Pressemeldung vom 8. Mai 2013

von am 21.05.2013 in Allgemein

Pressemeldung vom 8. Mai 2013

Für einen öffentlich-rechtlichen Jugendkanal, DVB-T 2 und ein eigenständiges Medienrecht

medienpolitik.net mit exklusiver Videoberichterstattung vom Medientreffpunkt Mitteldeutschland 2013 in Leipzig

Berlin, 08. Mai 2013. medienpolitik.net berichtet mit aktuellen Interviews und Videobeiträgen vor Ort vom derzeit stattfindenden Medientreffpunkt Mitteldeutschland 2013 in Leipzig (http://www.medienpolitik.net). Im Interview mit medienpolitik.net äußern sich Branchenexperten zu gegenwärtig kontrovers diskutierten Themen.

Hinsichtlich der Diskussion um einen öffentlich-rechtlichen Jugendkanal erklärt Thüringens Ministerpräsidentin Christine Lieberknecht auf dem Medientreffpunkt Mitteldeutschland: „Der Bedarf für einen Jugendkanal bzw. eine Jugendplattform ist unbestritten. Fraglich ist nur, welchen Weg wir gehen, um die Akzeptanz bei den Jugendlichen für ein solches Angebot zu finden. Es müssen ‚aus der Perspektive der Jugendlichen‘ die Stärken von ARD und ZDF genutzt werden“.

In Interviews fordern Dr. Andreas Bereczky, Produktionsdirektor des ZDF, und Siegfried Schneider, Präsident der BLM, gegenüber medienpolitik.net die politische Akzeptanz für die Weiterentwicklung des digitalen Antennenfernsehens DVB-T zum Format DVB-T 2, das eine höhere Qualität und eine Verschlüsselung ermöglicht.
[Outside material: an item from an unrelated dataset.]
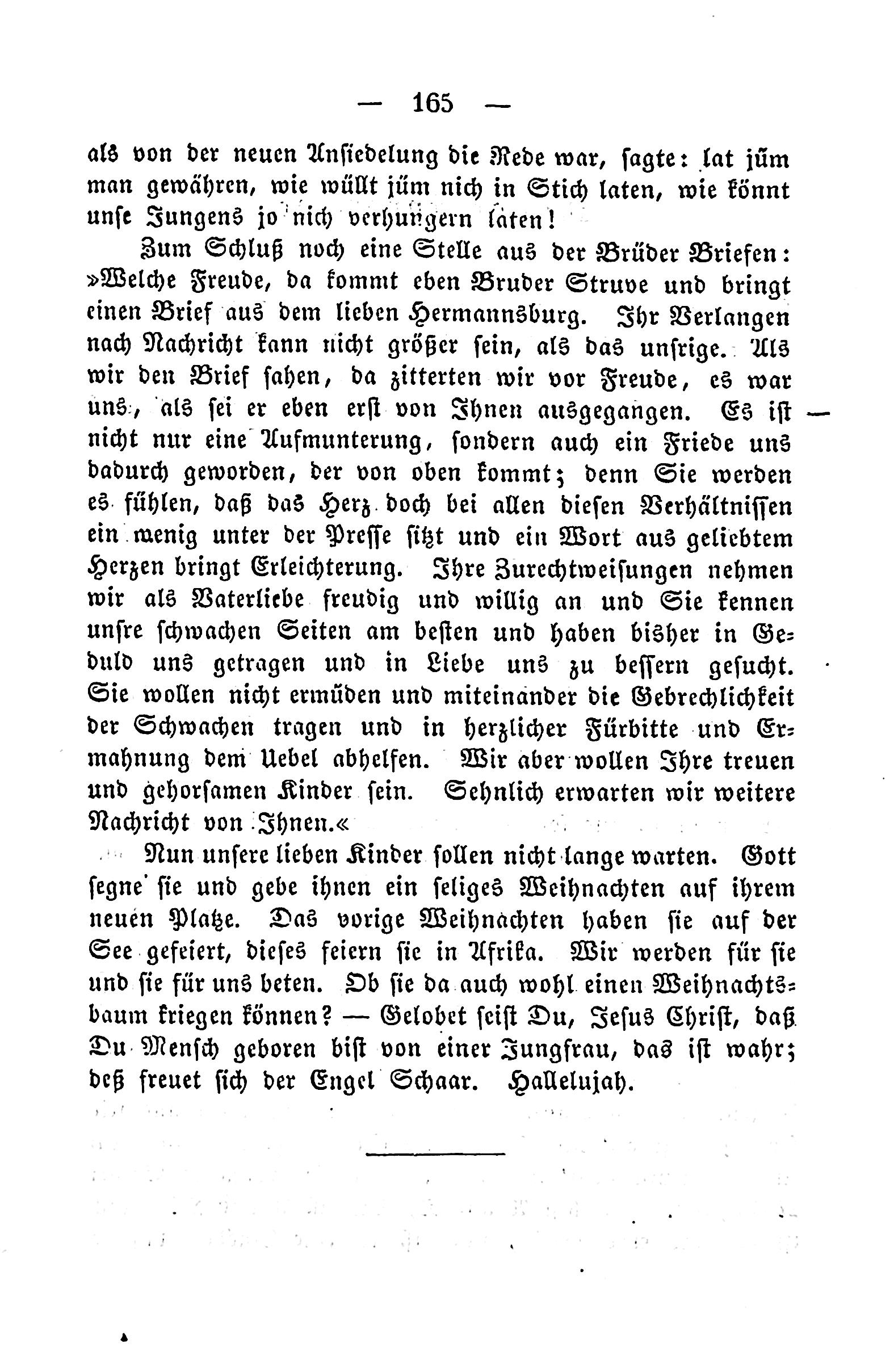 -165—— when the new settlement was spoken of, she said: “Let the wind give, how will it not let us in so much, like how can we not starve our young boys if they starve?” “Finally, a position from the Brothers Brieer- What joy, then, is brother Struve coming and bringing a letter from the dear Hermannsburg. Your desire for news cannot be greater than ours. As we saw the letter, we trembled with joy, it was us-, ·"as if it were just newly gone. It is not only one occurrence, but also a peace it has become, which comes from above, because you will feel that our heart is little under the press, and a word from a beloved heart brings relief. Your reprimands take us as a love, willingly and willingly, and you know our weak sides best, and have carried us in patience so far, and in love seek to improve us. You do not want to tire and together bear the weakness of the weak, and in heart-felt color sund we avoid. We but want to be your loyal and obedient children. We eagerly await another message from .Jhnen. « · Now, our dear children should not wait long. God bless them and give them a blessed Christmas on their new place. Last year’s Christmas was set on the sea-festigated, this they celebrate in Africa. We will be for them and they for us pray. Can they get a Christmas tree? —- You are blessed, Jesus Christ, that you were born from a virgin, this is true; it pleases the angel, Hallelujah.”

Trotz der Absage von RTL an DVB-T sehen beide Experten gute Chancen, dass DVB-T 2 im Jahr 2015 starten könnte.

Für ein eigenständiges Medienrecht plädiert der Kartellrechtler Prof. Dr. K. Peter Mailänder im Gespräch mit medienpolitik.net. „Das Kartellrecht ersetzt keinesfalls die Medienregulierung“, so Mailänder. Das Wettbewerbsrecht sei nicht geeignet, um mit Google und anderen großen Akteuren adäquat umzugehen. Presse, öffentlich-rechtliches und privates Fernsehen sowie das Internet bewegen sich längst auf einem Markt, sind aber völlig unterschiedlichen Regimes unterstellt. Das sei nach Ansicht Mailänders, der auch Mitglied der Kommission zur Ermittlung der Konzentration in den Medien (KEK) ist, nicht mehr zeitgemäß.

ENDE

medienpolitik.net-Newsletter
Anmeldung unter: http://www.medienpolitik.net/medienpolitik-net-email-update/

www.medienpolitik.net

Pressekontakt
medienpolitik.net
c/o GOLDMEDIA: Juliane Gille,
Tel: +4930-246 266-0, Juliane.Gille@Goldmedia.de

Kontakt Redaktion medienpolitik.net
info@medienpolitik.net
+4930-246 266-0
Redaktionsleitung: Helmut Hartung und Clemens Appel

medienpolitik.net
medienpolitik.net ist ein Gemeinschaftsprojekt des medienpolitischen Magazins promedia und des Medienberatungsunternehmens Goldmedia Political & Staff Advising GmbH. medienpolitik.net begleitet und kommentiert als Forum die wichtigsten Ereignisse und Entwicklungen in der Medien- und Netzpolitik. medienpolitik.net zielt auf eine breite Debatte zwischen den klassischen Vertretern der Contentwirtschaft, den neuen Online-Anbietern, der Netzgemeinde, den Nutzern und kreativen Urhebern.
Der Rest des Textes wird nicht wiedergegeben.